▶ Data for review

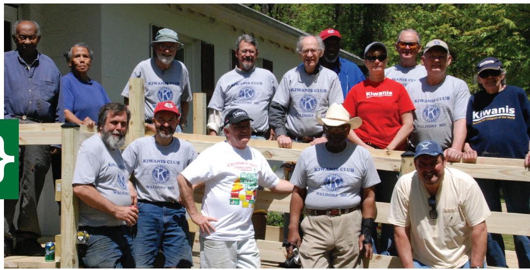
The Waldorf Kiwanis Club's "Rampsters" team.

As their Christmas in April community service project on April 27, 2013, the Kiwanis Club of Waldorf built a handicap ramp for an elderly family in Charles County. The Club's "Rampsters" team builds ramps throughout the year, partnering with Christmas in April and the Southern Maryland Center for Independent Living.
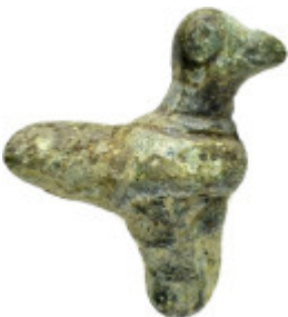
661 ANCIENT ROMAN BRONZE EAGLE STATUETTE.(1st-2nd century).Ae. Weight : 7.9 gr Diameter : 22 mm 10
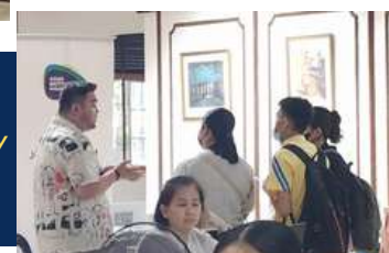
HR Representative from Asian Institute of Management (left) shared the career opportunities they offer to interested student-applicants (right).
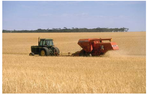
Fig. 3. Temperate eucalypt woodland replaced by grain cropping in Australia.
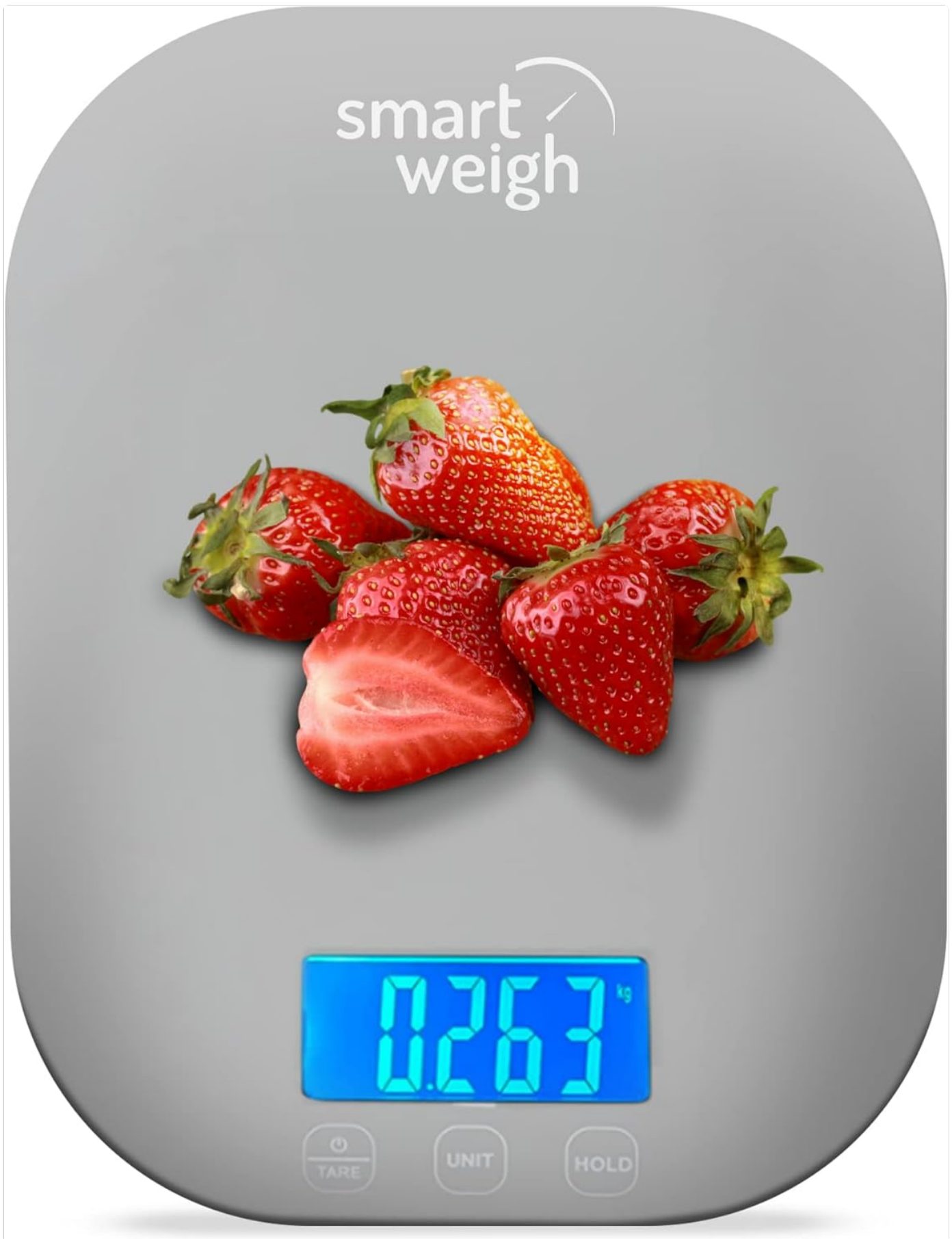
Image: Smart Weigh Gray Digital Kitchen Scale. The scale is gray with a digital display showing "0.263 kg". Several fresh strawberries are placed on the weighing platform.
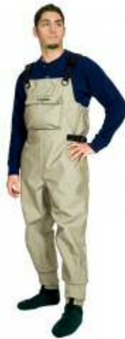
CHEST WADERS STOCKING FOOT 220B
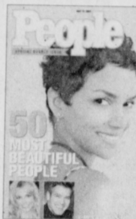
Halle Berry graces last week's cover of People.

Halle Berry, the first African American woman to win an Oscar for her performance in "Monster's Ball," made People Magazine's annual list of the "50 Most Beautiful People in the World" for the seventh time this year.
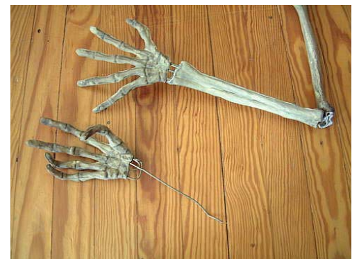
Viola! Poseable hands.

▶ The problem
Determine how many lines of the material include the string "with". Output only that count.

▶ Your solution
2